Joe Schwarcz, aka Dr. Joe, director of McGill University's Office for Science and Society, says understanding how science works will help us recognize quackery. Schwarcz, director of McGill University's Office for Science and Society, is a tireless author, speaker and educator. "We have the mandate of separating sense from nonsense in science, and we try to demystify it and foster critical thinking and look at scientific issues in the news," he told CBC news.
As a long-time magician, Schwarcz knows a lot about mystification. His latest book, a mix of things useful, important and sometimes just cool to know, is Brain Fuel: 199 Mind-expanding Inquiries into the Science of Everyday Life.
Do lima beans cure cancer? Might some fish play a role in diabetes?
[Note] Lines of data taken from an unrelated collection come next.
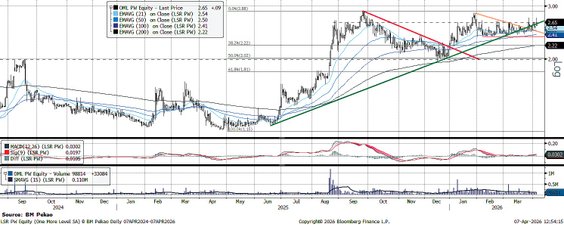 – Średnia EMA21 na trwałe przyjęła rolę wsparcia dynamicznego i obecnie wywiera rosnącą presję na kontynuację ruchu wzrostowego. Warto podkreślić, że struktura ostatnich świec uległa poprawie – widoczna jest dominacja białych korpusów, a ewentualne górne cienie są relatywnie szybko negowane. W połączeniu z sygnałem kupna na MACD wskazuje to na przejmowanie inicjatywy przez stronę popytową. Kluczowym poziomem pozostaje bariera 2,88 zł – jej trwałe wybicie otworzyłoby przestrzeń do rozpoczęcia nowej fali wzrostowej, której potencjalny zasięg (przy założeniu analogii do fali grudniowo-styczniowej) może sięgnąć okolic 3,68 zł – podkreśla analityk BM Pekao.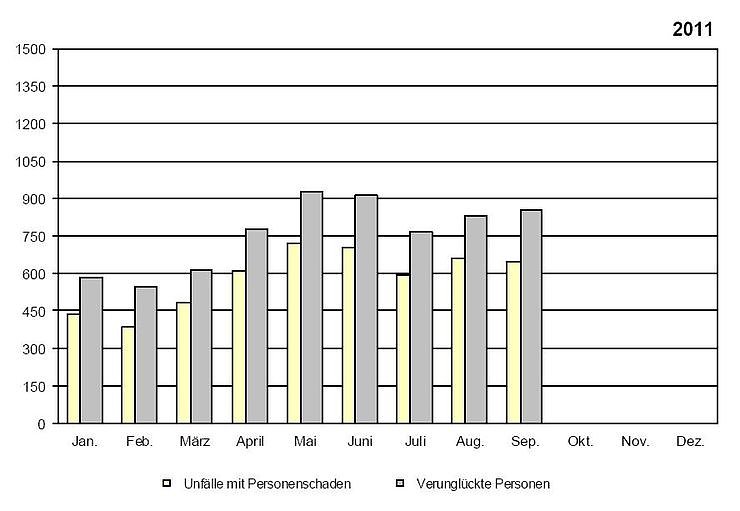Bei den 644 Verkehrsunfällen mit Personenschaden wurden 12 Personen getötet. Das waren 4 Personen mehr als im September 2010. Unter den Getöteten waren 6 Motorradfahrer, 2 Pkw-Fahrer, 1 Fahrer eines sonstigen Kraftfahrzeuges sowie 3 Fahrradfahrer. Weitere 840 Personen wurden bei Straßenverkehrsunfällen schwer oder leicht verletzt. Die Zahl der Verletzten erhöhte sich um 31 Personen.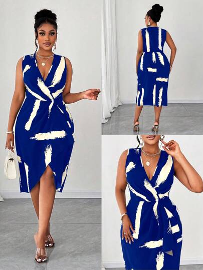 Maweii Plus Size Fashion Printed Sleeveless V-Neck Dress - Blue - View 1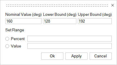 - Set Range: Set the range between the minimum and maximum values based on a Percent or Value difference above and below the nominal value for a Continuous Variable. By default, the range is +/- 10% of the nominal value.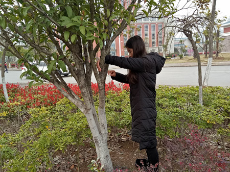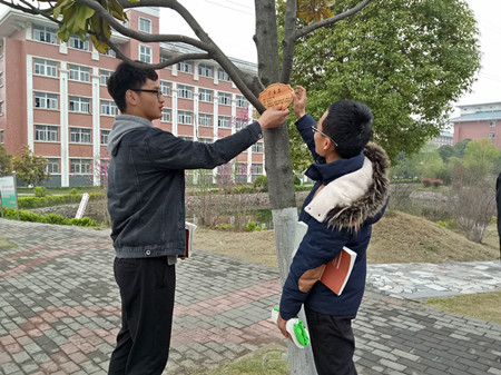 经过一下午的时间,各社社员在学长的带领下不仅了解了校园的各种植物的分布情况更是了解了这些植物的学名、别名、产地、特征、习性等等基础知识。社员们穿梭在校园的大道旁、花圃间,一会儿穿线,一会儿打结,一个个忙得不亦乐乎,亲手为树木挂上身份牌。形态各异的身份牌在微风中摇动犹如一只只翩翩起舞的花蝴蝶,舞出了滁职学子的美丽梦想!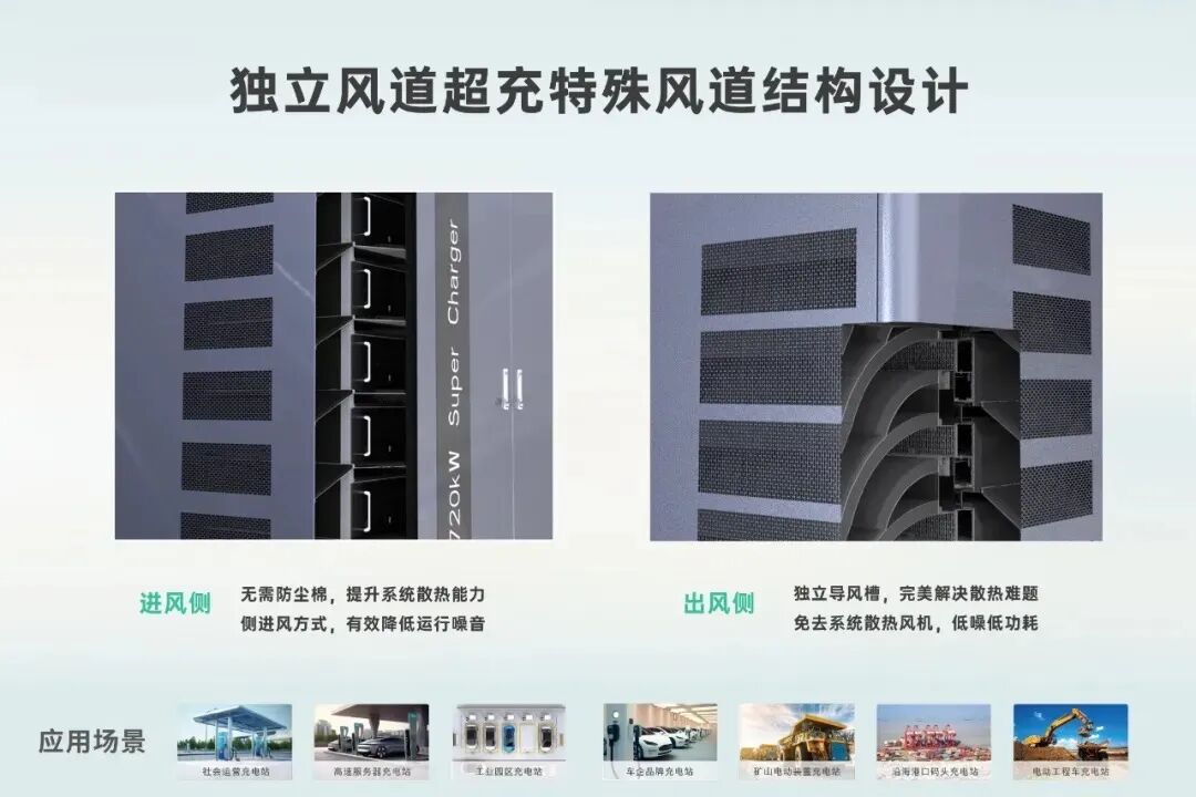 基于優(yōu)優(yōu)綠能40kW/60kW/125kW·IP65獨立風(fēng)道充電模塊的高防護(hù)、高效率、低噪音、免維護(hù)等特性,打造的獨立風(fēng)道兆瓦超充解決方案,可滿足城市公共充電、高速國道、礦廠工程等多種兆瓦超充應(yīng)用場景。方案設(shè)計了雙列橫向模塊擺放設(shè)計,結(jié)合獨特的風(fēng)道結(jié)構(gòu)設(shè)計,進(jìn)風(fēng)側(cè)無需防塵棉有效提升系統(tǒng)散熱能力,側(cè)進(jìn)風(fēng)可有效降低運(yùn)行噪音;出風(fēng)側(cè)采用了獨立導(dǎo)風(fēng)槽,免去系統(tǒng)散熱風(fēng)機(jī),進(jìn)一步解決散熱問題,又能同時降低噪音和降低系統(tǒng)功耗。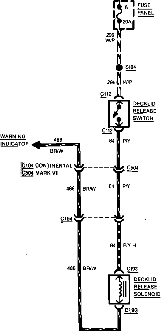 Fig. 84 Deck Lid Release Wiring Circuit. Continental & Mark VII: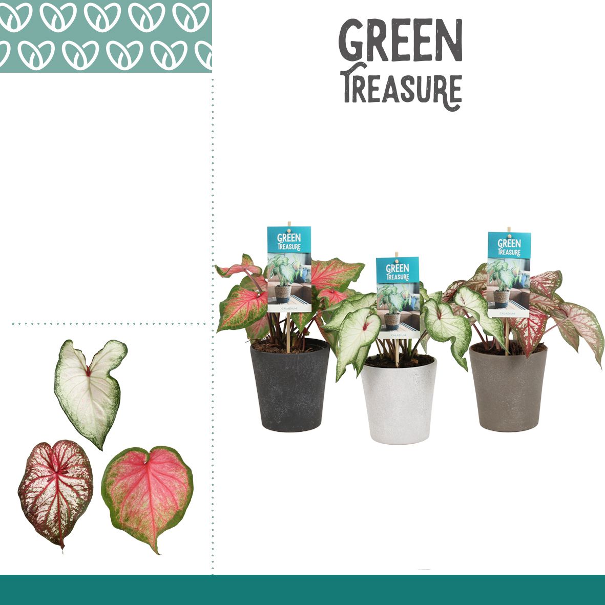 Marketingconcept Green Treasure Verzorging: Temperatuur minimaal 15 °C Potmateriaal kweekpot >80% Post Consumer Recyclaat (PCR) Certificaten MPS-GAP MPS-GAP Certificaten Socialy Qualified MPS-SQ Certificaten GLOBALG.A.P GlobalGAP Flowers & Ornamentals Certificaten MPS Quality MPS-Quality Certificaten GRASP GRASP Positieve keurcode kwaliteit met consumenten informatie Potmaat 12 cm Min planthoogte inclusief pot 25 cm Transporthoogte 40 cm Potvorm sierpot Potmateriaal ompot keramiek Teeltmedium 100% veen vrij Land van herkomst Nederland Kwaliteitsgroep A1

Can chewing gum boost your bust? And should you worry about bisphenol A?
Does it really matter what people believe or worry about? That's where we started.
The following are edited excerpts from an interview with CBC News:
JS: What I'm really trying to achieve is that when people worry, they worry about things that are worth worrying about, but they don't squander their worries, because that in itself is dangerous. And that whatever information that they use that determines what is worth worrying about or not is science-based and is not hearsay.
Why does it seem to be human nature to believe what just anyone tells us?
JS: I think it's because people want simple answers to complex problems. And very often the wrong or questionable answers are simple, whereas the scientific answers, especially in the health area, are much more complicated. It is much easier to think that if you have some health issue, drinking goji juice is going to solve it, than that there is no specific solution and that there are all kinds of different things that you have to do in order to have benefits. People want the magic bullet. They want simple solutions, and the scientific world just doesn't work like that.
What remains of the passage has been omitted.